Position of Components in a Confusion Matrix

The confusion matrix helps visualize the distribution of predictions:

Predicted PositivePredicted Negative
Actual PositiveTrue Positive (TP)False Negative (FN)
Actual NegativeFalse Positive (FP)True Negative (TN)

To calculate the F1-score, we need both precision and recall, which can be derived from the confusion matrix.

Detailed Examples with Steps to Calculate F1-Score

Below are ten real-world examples that explain F1-score calculation step-by-step:

Example 1 – F1-Score of a Cancer Detection Model

Scenario: A model predicts whether a patient has cancer.

  • True Positives (TP): 90
  • False Positives (FP): 20
  • False Negatives (FN): 10
  • True Negatives (TN): 80

Steps:

  1. Calculate precision: Precision = TP / (TP + FP) = 90 / (90 + 20) = 0.8182 (81.82%).
  2. Calculate recall: Recall = TP / (TP + FN) = 90 / (90 + 10) = 0.9 (90%).
  3. Calculate F1-score: F1 = 2 * (Precision * Recall) / (Precision + Recall) = 2 * (0.8182 * 0.9) / (0.8182 + 0.9) = 0.857 (85.7%).

Example 2 – F1-Score of a Fraud Detection Model

Scenario: A model predicts whether a transaction is fraudulent.

  • TP: 70
  • FP: 30
  • FN: 30
  • TN: 90

Steps:

  1. Precision: Precision = 70 / (70 + 30) = 0.7 (70%).
  2. Recall: Recall = 70 / (70 + 30) = 0.7 (70%).
  3. F1-score: F1 = 2 * (0.7 * 0.7) / (0.7 + 0.7) = 0.7 (70%).

Example 3 – F1-Score of a Spam Email Detection Model

Scenario: A model detects whether an email is spam.

  • TP: 50
  • FP: 20
  • FN: 10
  • TN: 80

Steps:

  1. Precision: Precision = 50 / (50 + 20) = 0.7143 (71.43%).
  2. Recall: Recall = 50 / (50 + 10) = 0.8333 (83.33%).
  3. F1-score: F1 = 2 * (0.7143 * 0.8333) / (0.7143 + 0.8333) = 0.7727 (77.27%).

Example 4 – F1-Score of a Loan Default Prediction Model

Scenario: A model predicts whether a customer will default on a loan.

  • TP: 100
  • FP: 25
  • FN: 50
  • TN: 125

Steps:

  1. Precision: Precision = 100 / (100 + 25) = 0.8 (80%).
  2. Recall: Recall = 100 / (100 + 50) = 0.6667 (66.67%).
  3. F1-score: F1 = 2 * (0.8 * 0.6667) / (0.8 + 0.6667) = 0.7273 (72.73%).

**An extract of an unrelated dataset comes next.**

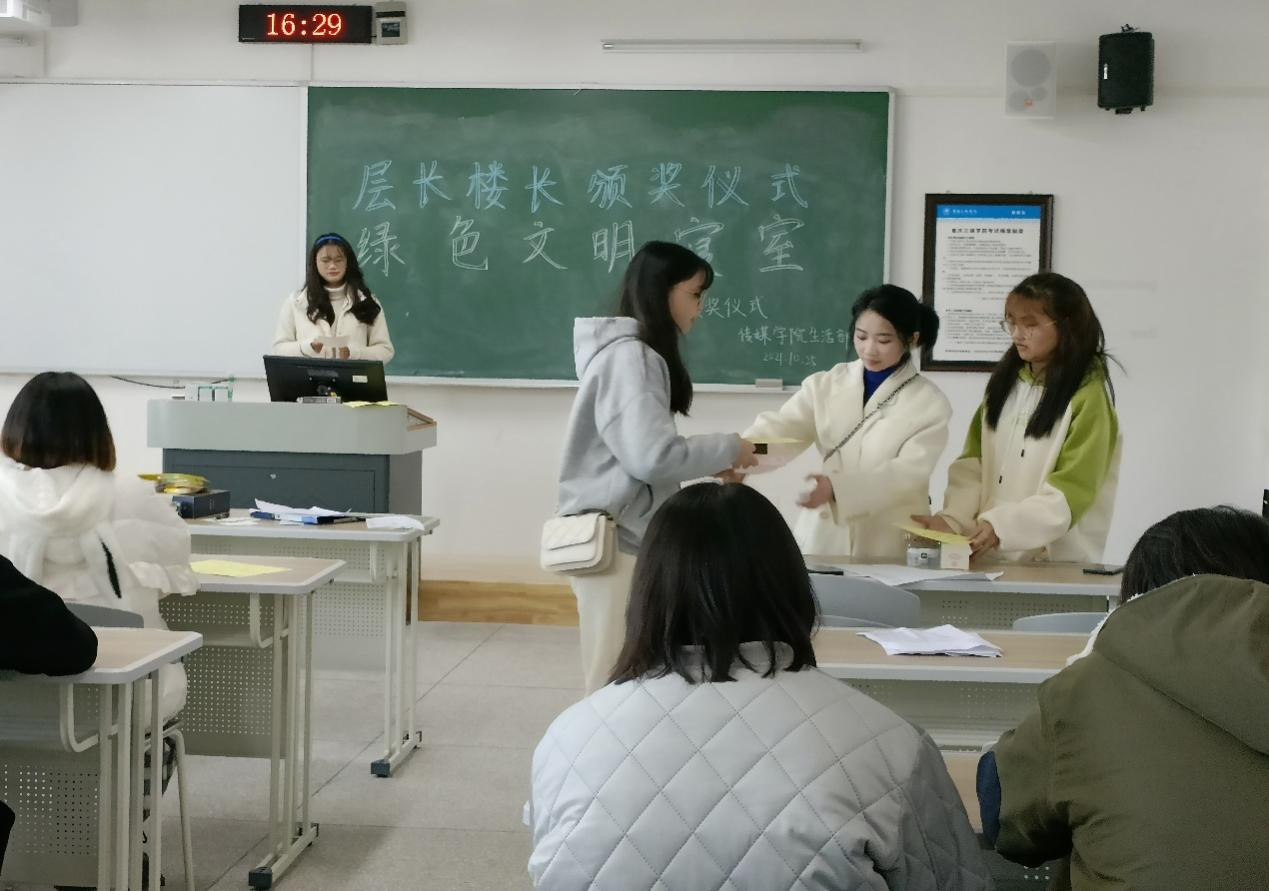 2021年11月25日,在重庆三峡学院博学楼1-205顺利举行了传媒院文明层长楼长颁奖活动,各位获奖层长楼长悉数到场。为了加强9728太阳集团寝室卫生清洁建设,打造文明型寝室、友好型寝室、学习型寝室,推动校园精神文明建设,构建和谐校园,9728太阳集团传媒院生活部举办了文明层长楼长颁奖活动,但由于疫情原因,这次活动采取了线上直播和线下代表领奖的方式。

Example 5 – F1-Score of a Product Defect Detection Model

Scenario: A model detects defective products.

  • TP: 120
  • FP: 30
  • FN: 40
  • TN: 150

Steps:

  1. Precision: Precision = 120 / (120 + 30) = 0.8 (80%).
  2. Recall: Recall = 120 / (120 + 40) = 0.75 (75%).
  3. F1-score: F1 = 2 * (0.8 * 0.75) / (0.8 + 0.75) = 0.7727 (77.27%).

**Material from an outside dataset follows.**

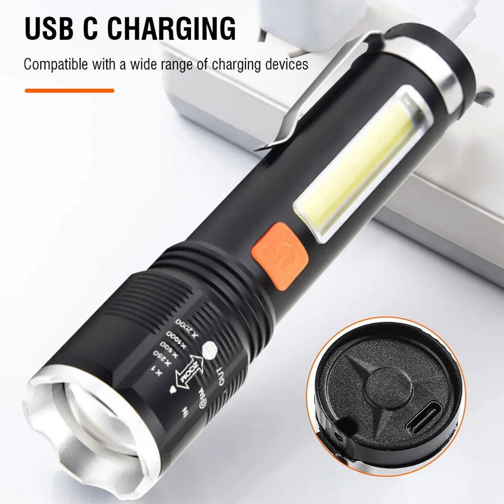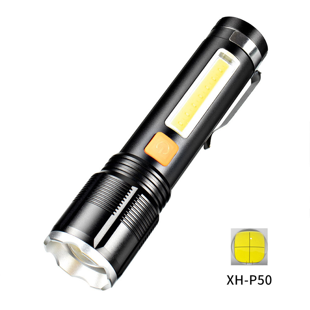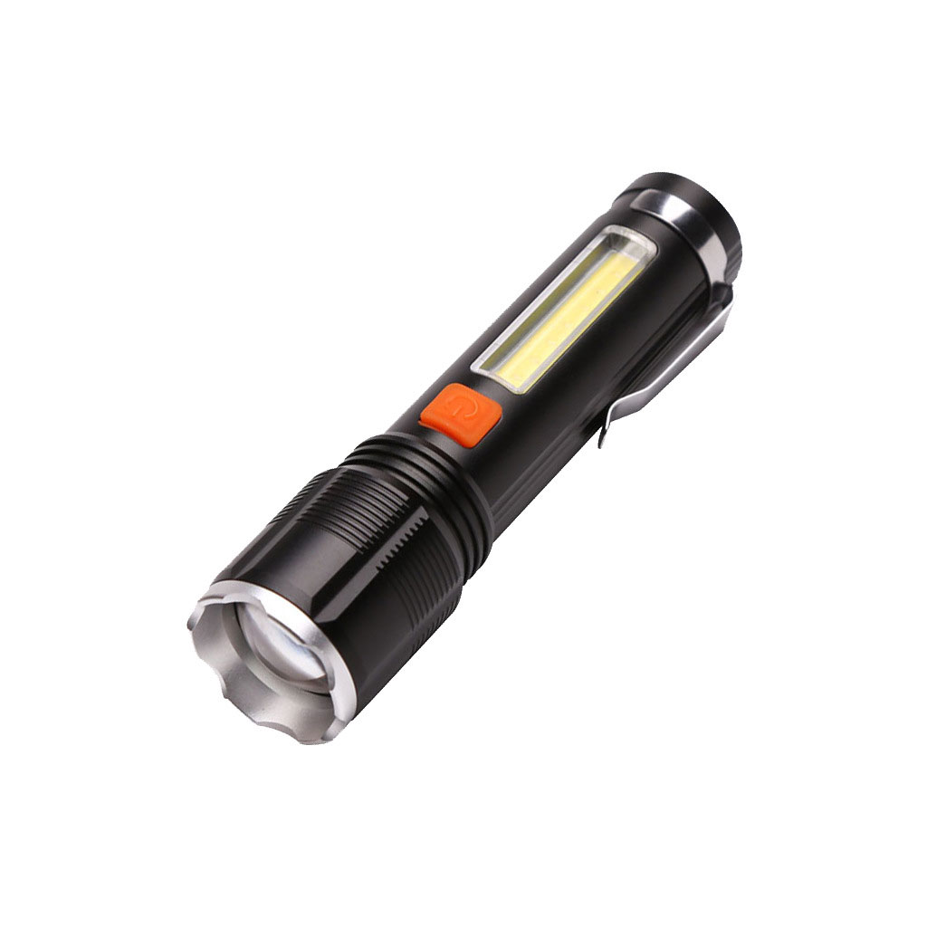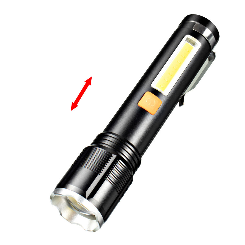 Chargement USB Ce produit a une longue durée de vie et est doté d'un dispositif anti-surcharge. Il arrête automatiquement la charge lorsqu'il est complètement chargé et est alimenté par une batterie lithium-ion rechargeable intégrée. • Conception zoom : cette lampe de poche LED peut ajuster et contrôler le champ de vision. En étendant et en contractant le corps du produit, des projecteurs circulaires peuvent être sélectionnés pour un éclairage à grande échelle, ou des projecteurs puissants peuvent être utilisés pour l'observation à distance. • MATÉRIAU EN ALLIAGE D'ALUMINIUM Cette lampe de poche est fabriquée en alliage d'aluminium, avec 10000LM et une puce LED P50 intégrée. Sa luminosité permet d'éclairer facilement toute la pièce et la cour. • 【4 modes】Cette lampe de poche LED est livrée avec 4 modes différents (lumière forte, lumière faible, lumière blanche latérale toujours allumée, lumière rouge clignotante) et un faisceau LED longue distance. Appuyez sur le bouton pour changer de mode, et différents réglages peuvent répondre à une utilisation quotidienne et à des activités de plein air. • Convient pour : Cette lampe de poche a une apparence compacte et est facile à transporter et à ranger. Elle convient au camping en plein air, à la chasse, à l'exploration, à la randonnée, à la pêche, etc.

Example 6 – F1-Score of an Object Detection Model

Scenario: A model detects cars in images.

  • TP: 200
  • FP: 50
  • FN: 25
  • TN: 150

Steps:

  1. Precision: Precision = 200 / (200 + 50) = 0.8 (80%).
  2. Recall: Recall = 200 / (200 + 25) = 0.8889 (88.89%).
  3. F1-score: F1 = 2 * (0.8 * 0.8889) / (0.8 + 0.8889) = 0.8421 (84.21%).

Example 7 – F1-Score of a Disease Diagnosis Model

Scenario: A model diagnoses whether a patient has a disease.

  • TP: 90
  • FP: 20
  • FN: 10
  • TN: 80

Steps:

  1. Precision: Precision = 90 / (90 + 20) = 0.8182 (81.82%).
  2. Recall: Recall = 90 / (90 + 10) = 0.9 (90%).
  3. F1-score: F1 = 2 * (0.8182 * 0.9) / (0.8182 + 0.9) = 0.857 (85.7%).

Example 8 – F1-Score of a Sentiment Analysis Model

Scenario: A model analyzes text to predict sentiment (positive or negative).

  • TP: 80
  • FP: 20
  • FN: 30
  • TN: 100

Steps:

  1. Precision: Precision = 80 / (80 + 20) = 0.8 (80%).
  2. Recall: Recall = 80 / (80 + 30) = 0.7273 (72.73%).
  3. F1-score: F1 = 2 * (0.8 * 0.7273) / (0.8 + 0.7273) = 0.7619 (76.19%).

Example 9 – F1-Score of a Movie Recommendation System

Scenario: A recommendation system predicts whether a user will like a movie.

  • TP: 70
  • FP: 30
  • FN: 20
  • TN: 100

Steps:

  1. Precision: Precision = 70 / (70 + 30) = 0.7 (70%).
  2. Recall: Recall = 70 / (70 + 20) = 0.7778 (77.78%).
  3. F1-score: F1 = 2 * (0.7 * 0.7778) / (0.7 + 0.7778) = 0.7377 (73.77%).

Conclusion

The F1-score is an important evaluation metric when dealing with class imbalance. It provides a more balanced measure of a model’s performance by accounting for both precision and recall, making it ideal for scenarios where both false positives and false negatives need to be minimized.